Each medium was irradiated with write light with a different pulse width, and the pulse width that changed the extinction ratio by 2.0 was measured, and the reciprocal of the pulse width was taken as the write sensitivity.

In addition, writing was performed using a condensing section output of 10 W and a frequency of 2 MHz, and then a semiconductor laser (830 nm, condensing section output of 1 W) was used as read light, and the reflected light through the substrate was detected to detect the error. Spectrum analyzer unit manufactured by Ulett Paracard, Band IIJ30KHz unit S
/N ratio was measured.

In addition, 1 mW laser readout light was applied for 1 Bsec11.
Reproduction deterioration was evaluated by measuring the change (%) in reflectance from the back side of the substrate after irradiating it as a 3 KHz pulse for 5 minutes in a static +l- state.
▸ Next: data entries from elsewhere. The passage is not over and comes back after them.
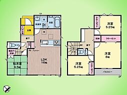 | 間取り | 4LDK 間取り内訳:リビングダイニングキッチン 14帖(1階)・洋室 5.2帖(1階)・洋室 6帖(2階)・洋室 5.2帖(2階)・洋室 7帖(2階) |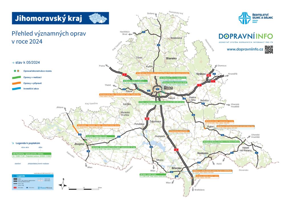 Nabízíme k nahlédnutí přehled plánovaných a realizovaných oprav na území Jihomoravského kraje. Včera jsme na jihu zahájili celkem tři akce, a to ve Valticích a ve Znojmě. Příští týden 12. května dokončíme opravu v ulici Hněvkovského v Brně.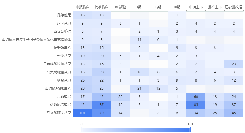 通过【靶点格局数据库】中的适应症研发进程热力图,可以看到,在具体的癌种中,非小细胞肺癌/转移性非小细胞肺癌是研发最为集中的适应症,也是相关EGFR靶向药物获批上市最多的适应症。其次,乳腺癌、转移性直肠癌、头颈部肿瘤等也有数款EGFR靶向药物获批上市。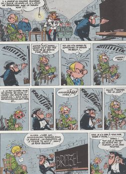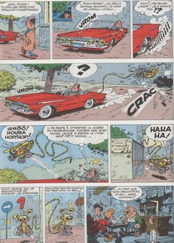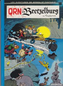 remarques: | réédition de 1972, dos rond bleu marin, dernier titre: du glucose pour Noémie, 63 pages, date originale 1966, collaboration avec Greg un transistor miniature est avalé par le Marsupilami, puis remonte dans son nez tout en continuant de fonctionner, Spirou et Fantasio subiront ainsi 24 heures de musique totale, finalement, c'est le Marsupilami qui trouvera la solution en s'assommant et en détruisant ainsi le transistor rencontre avec le radio amateur, Marcelin Switch, chercheur de QRN (indicatif radio de Bretzelburg) qui vient de capter un SOS de Bretzelburg où la royauté est menacée, la radio de Switch a toutefois été brouillée par les interceptions du transistor avalé par le Marsupilami n.b. à noter les réflexions de Spip de plus en plus nombreuses et l'accent germanique des Bretzelburgeois >> p. 16 petite moquerie sur la BD alors que Fantasio est enlevé par la Bretzelgeheimpolizei Spirou décide de se rendre au Bretzelburg avec le sieur Switch à la rescousse de Fantasio, le Marsupilami restant dans un hôpital pour animaux afin de soigner son nez opéré pour enlever le transistor >> p. 22 le trajet pour le Bretzelburg: Paris, Basel, Zurich, Krollstadt = capital du Bretzelburg (Liechtenstein?) au Bretzelburg le général Schmetterling, chef d'armée, demande toujours plus de moyens militaires au petit roi Ladislas (drogué par Schmetterling et son complice) pour attaquer le petit royaume voisin du Maquebasta Fantasio prisonnier à la forteresse de Schnapsfürmich est interrogé par le dr. Kilikil >> p. 36 entretemps, après une courte convalescence, le Marsupilami rejoint nos amis au Bretzelburg Fantasio est délivré, rencontre avec la résistance bretzelburgeoise >> p. 35/36 un chien policier tenace >> p. 57 rencontre avec la résistance bretzelburgeoise à la fin, les agissements de Schmetterling et de son complice sont démasqués et le roi Ladislas de Bretzelburg peut enfin lier des relations suivies avec le Maquebasta en mariant la princesse Farfalla >> p. 42/43 les dons culinaires de l'ex bourreau, le dr Kilikil >> un album satire sur les dictatures, quelque référence au nazisme, un bon album, mais c'est un autre genre qui prend le pas dans la série, autant pour le graphisme (plus petites cases) que pour le scénario (un peu surchargé et trés comique), on pressent que Franquin veut se consacrer maintenant à sa série favorite de Gaston et à d'autres idées (idées noires) n.b. dans cet album, une part appréciable du récit est consacré à Spip (vu que le Marsupilami sera gardé par Franquin) |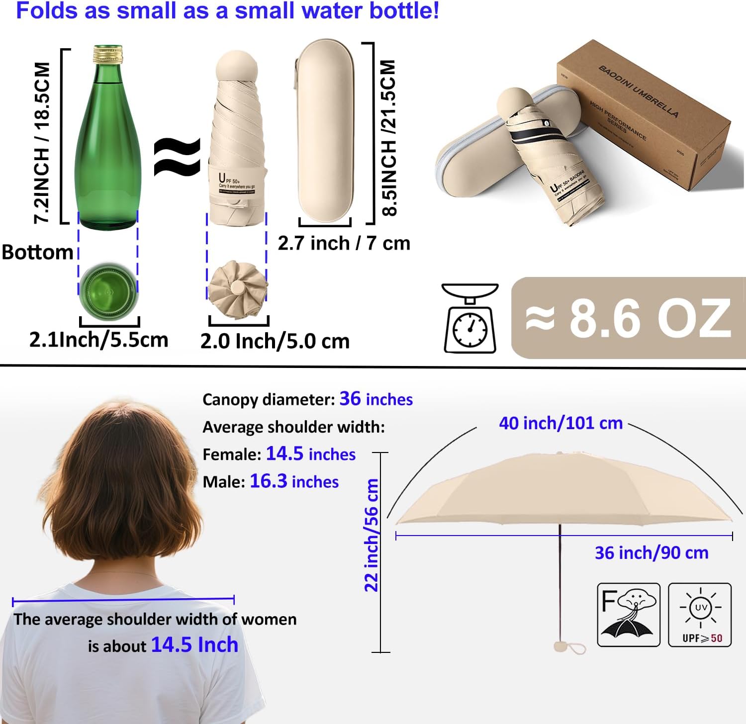 - Pocket umbrella: With a 40-inch arc and a 35.4-inch diameter, this mini travel umbrella is perfect for concealing in your purse or bag when you’re on the go! Folds to an ultra-compact 6.9 inches, makes the umbrella great for travel, as this super lightweight umbrella collapses about the size of your palm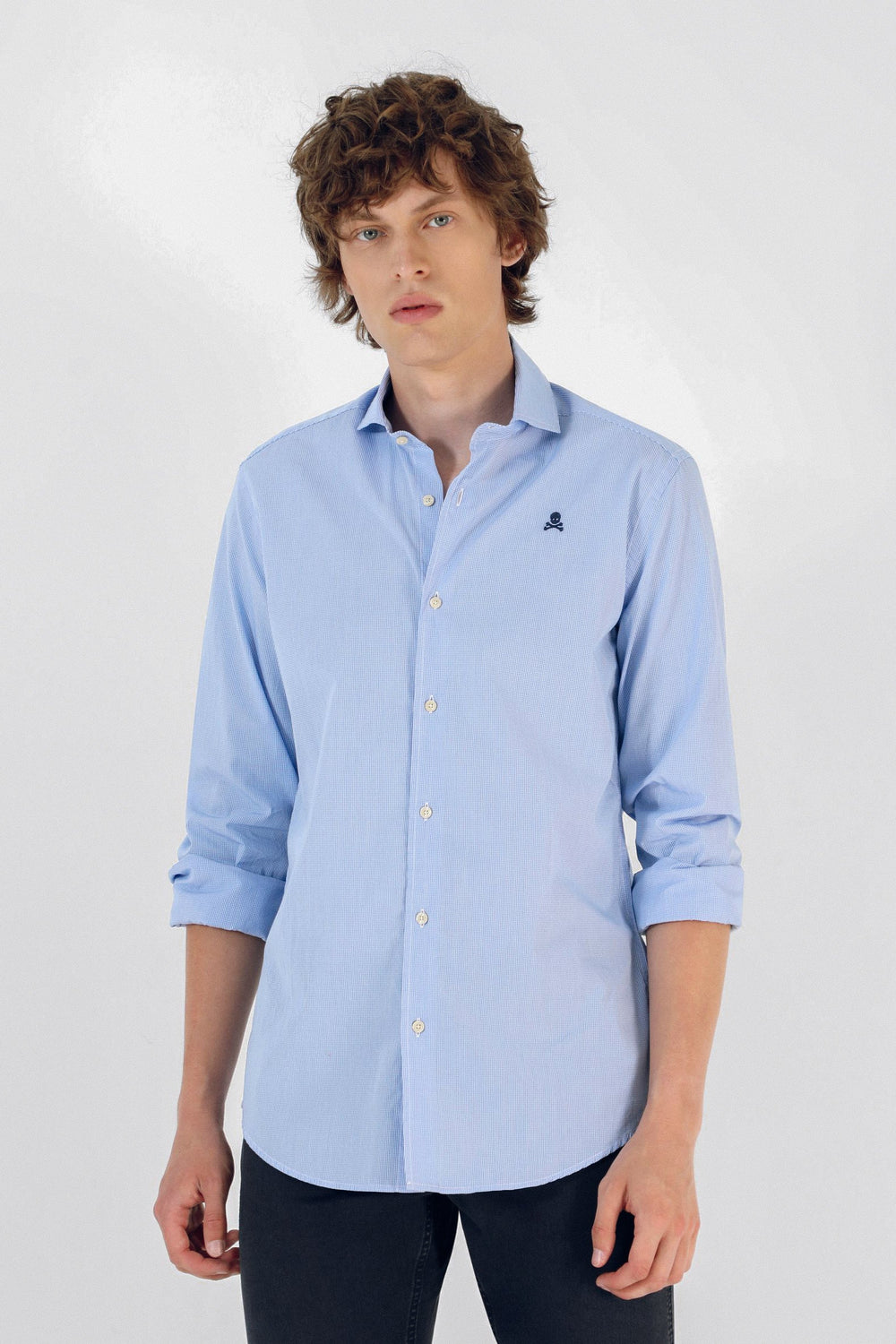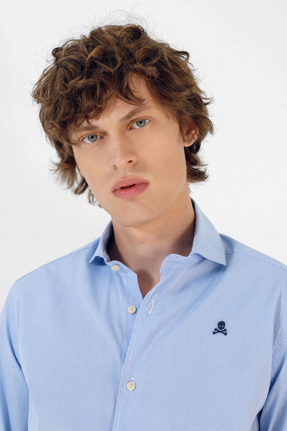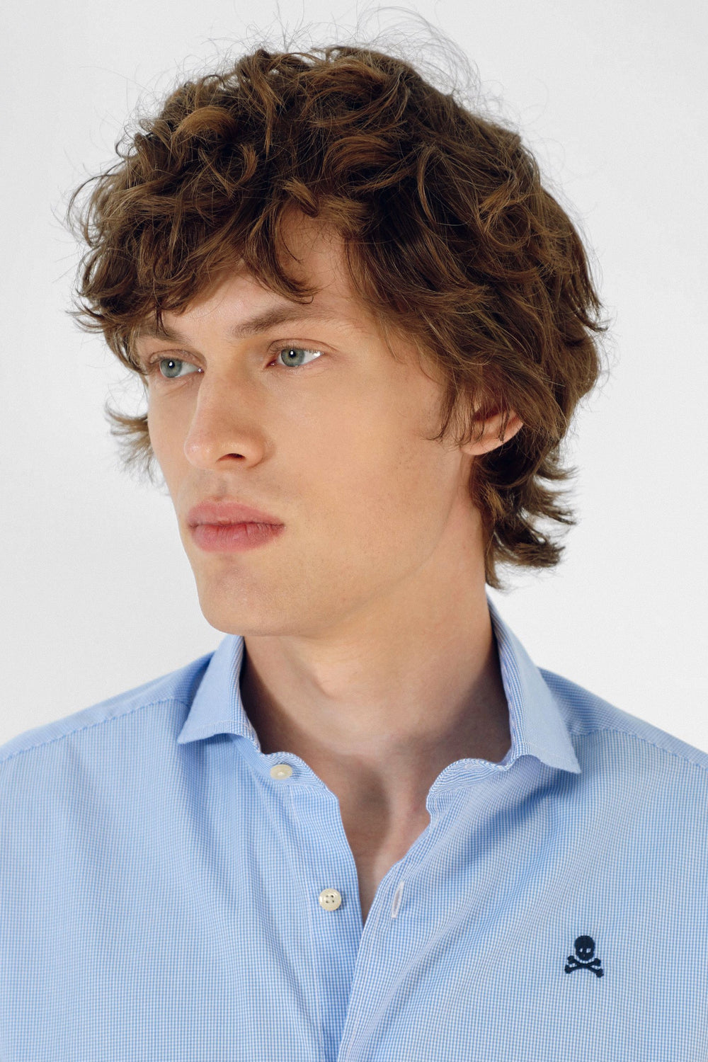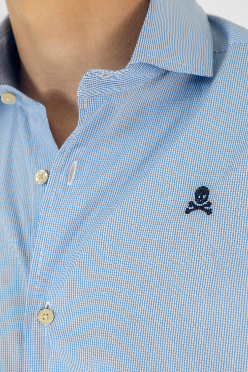 Camisa de cuadros confeccionada en tejido 100% algodón. Corte Regular Fit, cuello cutaway y cierre con botones. Manga larga terminada en puño simple.
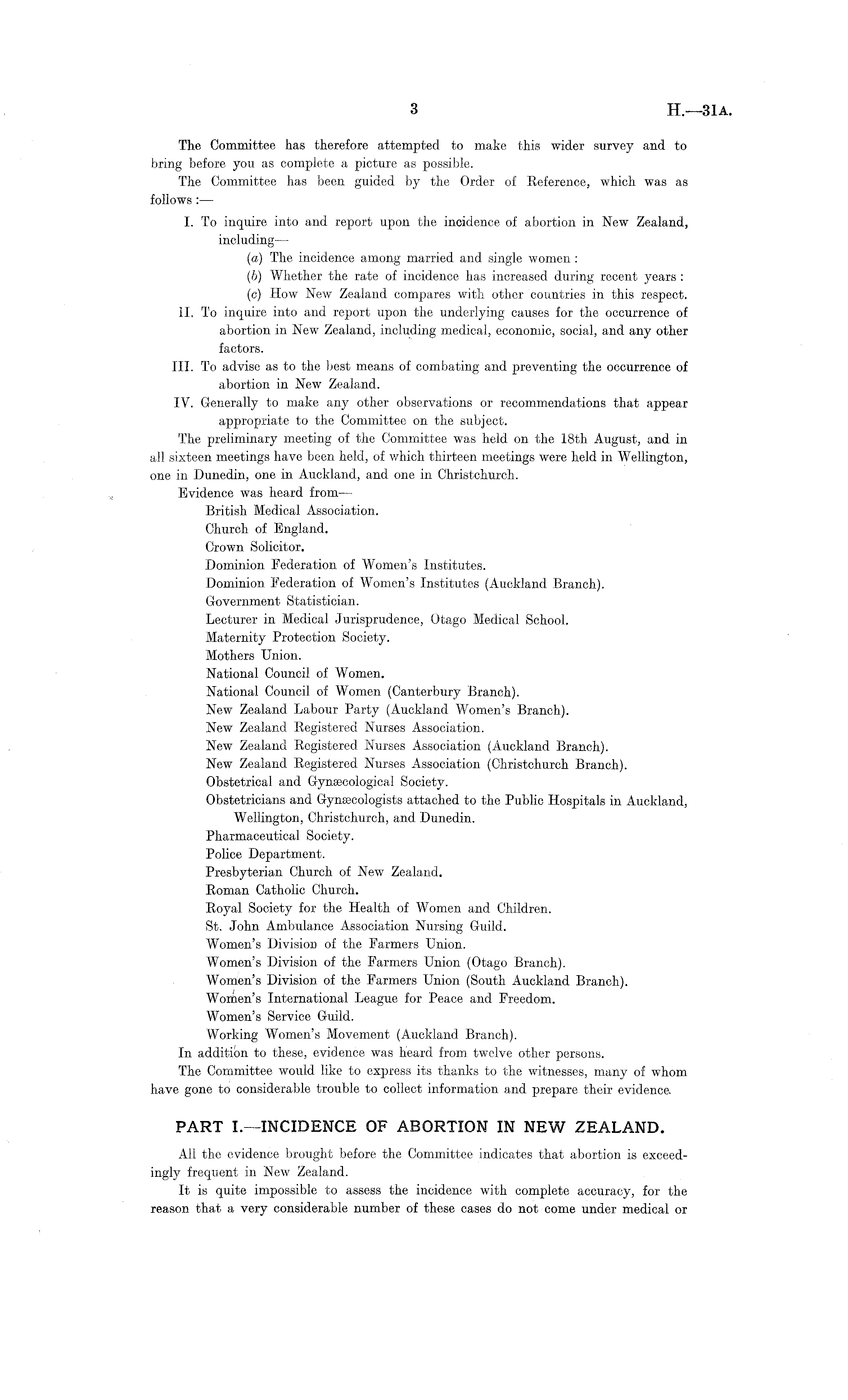 The Committee has therefore attempted to make this wider survey and to bring before you as complete a picture as possible. The Committee has been guided by the Order of Reference, which was as follows :— I. To inquire into and report upon the incidence of abortion in New Zealand, including — (a) The incidence among married and single women : (b) Whether the rate of incidence has increased during recent years : (c) How New Zealand compares with other countries in this respect. 11. To inquire into and report upon the underlying causes for the occurrence of abortion in New Zealand, including medical, economic, social, and any other factors. 111. To advise as to the best means of combating and preventing the occurrence of abortion in New Zealand. IV. Generally to make any other observations or recommendations that appear appropriate to the Committee on the subject. The preliminary meeting of the Committee was held on the 18th August, and in all sixteen meetings have been held, of which thirteen meetings were held in Wellington, one in Dunedin, one in Auckland, and one in Christchurck. Evidence was heard from— British Medical Association. Church of England. Crown Solicitor. Dominion Federation of Women's Institutes. Dominion Federation of Women's Institutes (Auckland Branch). Government Statistician. Lecturer in Medical Jurisprudence, Otago Medical School. Maternity Protection Society. Mothers Union. National Council of Women. National Council of Women (Canterbury Branch). New Zealand Labour Party (Auckland Women's Branch). New Zealand Registered Nurses Association. New Zealand Registered Nurses Association (Auckland Branch). New Zealand Registered Nurses Association (Christchurch Branch). Obstetrical and Gynaecological Society. Obstetricians and Gynecologists attached to the Public Hospitals in Auckland, Wellington, Christchurch, and Dunedin. Pharmaceutical Society. Police Department. Presbyterian Church of New Zealand. Roman Catholic Church. Royal Society for the Health of Women and Children. St. John Ambulance Association Nursing Guild. Women's Division of the Farmers Union. Women's Division of the Farmers Union (Otago Branch). Women's Division of the Farmers Union (South Auckland Branch). Women's International League for Peace and Freedom. Women's Service Guild. Working Women's Movement (Auckland Branch). In addition to these, evidence was heard from twelve other persons. The Committee would like to express its thanks to the witnesses, many of whom have gone to considerable trouble to collect information and prepare their evidence. PART I.—INCIDENCE OF ABORTION IN NEW ZEALAND. All the evidence brought before the Committee indicates that abortion is exceedingly frequent in New Zealand. It is quite impossible to assess the incidence with complete accuracy, for the reason that a very considerable number of these cases do not come under medical or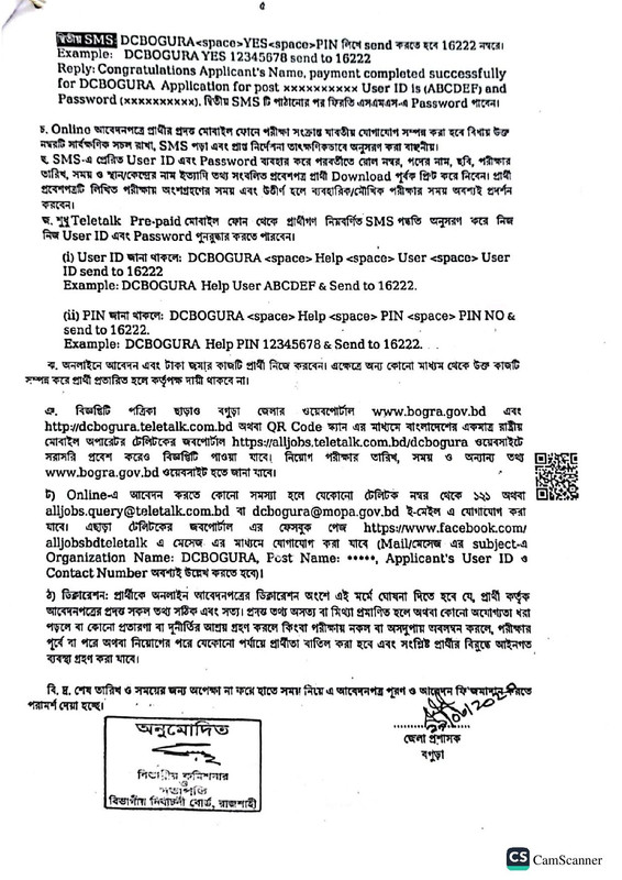 বিজ্ঞপ্তিটি পত্রিকা ছাড়াও বগুড়া জেলার ওয়েবপোর্টাল www.bogra.gov.bd এবং http://dcbogura teletalk.com.bd অথবা QR Code স্ক্যান এর মাধ্যমে বাংলাদেশের একমাত্র রাষ্ট্রীয় মোবাইল অপারেটর টেলিটকের জবপোর্টাল ওয়েবসাইটে সরাসরি প্রবেশ করেও বিজ্ঞপ্তিটি পাওয়া যাবে। নিয়োগ পরীক্ষার তারিখ, সময় অন্যান্য তথ্য www.bogra.gov.bd ওয়েবসাইট হতে জানা যাবে।

These results are shown in Table 2.

From the results shown in Table 2, the effects of the present invention are clear.

That is, according to the present invention, reproduction deterioration is significantly reduced compared to when a normal dye is used alone. Also, compared to using a mixture of a dye and a quencher,
Alternatively, compared to using the conjugate alone, C/N
The ratio is more than 3 dB.

Continuing from page 1 ■Int, CI,' Identification symbol Internal reference number G 11
C131047341-5B@Inventor Takahashi
- Husband, Tokyo Chuo Type 1 Company Inventor: Akihiko Kuroiwa, Tokyo Chuo Type 1 Company

Claims (1)

[Claims] l) An optical recording medium comprising a recording layer formed on a substrate, wherein the recording layer contains a combination of a dye cation and a quencher anion, and further contains a dye.